COMPARISON OF MULTIPLE POPULATIONS. To establish a pattern that northern environmental conditions result in enhanced memory and an enlarged hippocampus, it is crucial to compare multiple populations to ensure that the differences between northern and southern chickadees are indeed due to environmental conditions associated with latitudinal gradient (shorter days, more snow, lower air temperatures).
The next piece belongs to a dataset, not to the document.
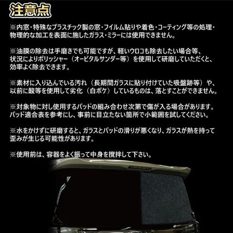 小さな粒子でキズをつけずに磨き上げ、鏡やガラスにクリアな輝きを取り戻します。油膜や古いコーティング膜も、こするだけで瞬時に除去が可能。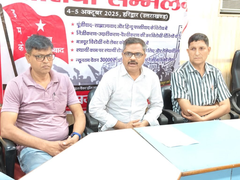 हरिद्वार। इंकलाबी मजदूर केंद्र का सातवां केंद्रीय सम्मेलन 4-5 अक्टूबर को त्रिमूर्ति नगर ज्वालापुर में आयोजित किया जाएगा। प्रैस क्लब में पत्रकारवार्ता के दौरान जानकारी देते हुए इंकलाबी मजदूर केंद्र के महासचिव रोहित रूहेला ने बताया कि दो दिवसीय केंद्रीय सम्मेलन में संगठन के प्रतिनिधि विगत तीन वर्षो में देश […]

Black-capped chickadees present the best model to test the prediction that northern individuals have relatively larger hippocampal volume with more neurons compared to more southern individuals using multiple populations because this species has the largest south-north distribution among all North American food-caching species.

In this study I will compare relative hippocampal volume, the total number of neurons, total brain volume in chickadees from 12 populations across latitudinal gradient ranging from Colorado and Kansas in the south to Northern Alaska and Maine in the north (Fig. 1). Comparing these populations should allow establishing whether relative hippocampal size and the number of neurons increase gradually from south to north or whether there is a significant increase only in the most northern populations.

Because individuals from northern and southern populations might differ in body and total brain size, it is important to measure body size (wing length, tarsus, body mass) and total brain volume and brain mass to control for when testing for differences in the hippocampus. Comparative studies have always used relative hippocampal volume controlled for the overall telencephalon size. If birds in the north are simply bigger with bigger brains, they might have larger absolute hippocampus but there is no reason to expect that they will have relatively larger hippocampus simply because these birds are larger. Whereas it is possible that factors other than reliance on food caches might have contributed to possible differences between southern and northern individuals in body size or total brain size, hippocampus is a brain structure specifically involved in memory processing and thus relative hippocampal size is likely to have been affected specifically by the factors impacting memory. Interestingly, in my preliminary study black-capped chickadees from Alaska were significantly smaller than their southern conspecifics and they had significantly smaller brain volume, but they had significantly larger absolute and relative hippocampal volume with more neurons compared to southern chickadees (Pravosudov & Clayton 2002).

 

COMMON GARDEN EXPERIMENT. Another serious weakness of the Pravosudov & Clayton (2002) study concerns the fact that it remains unknown whether differences in memory and the hippocampus between Alaskan and Colorado black-capped chickadees are experience or genetic based. The adaptive specialization hypothesis implies that predicted enhanced memory and enlarged hippocampus in northern populations are genetically based as a result of higher selection pressure for better memory in northern populations. An alternative hypothesis is that some specific memory-related experiences directly affect memory and the hippocampus and northern individuals might have enhanced memory and larger hippocampus simply as a result of more such experiences. To establish that predicted differences between northern and southern populations in memory and the hippocampus are genetically based it is crucial to ensure that individuals from these populations share identical experiences. A common garden experiment in which all individuals are reared in identical environment is a good way to test whether any possible population differences in memory and the hippocampus are genetically based. In this study I will perform a common garden experiment by hand-raising black-capped chickadees from Alaska and Colorado in identical laboratory conditions and then testing for any possible differences between them in spatial memory, hippocampal volume, and neuron number. This would be the first experiment to test whether environmental conditions providing high selection pressure on memory and the hippocampus might result in evolution of enhanced spatial memory and an enlarged hippocampus within the same species.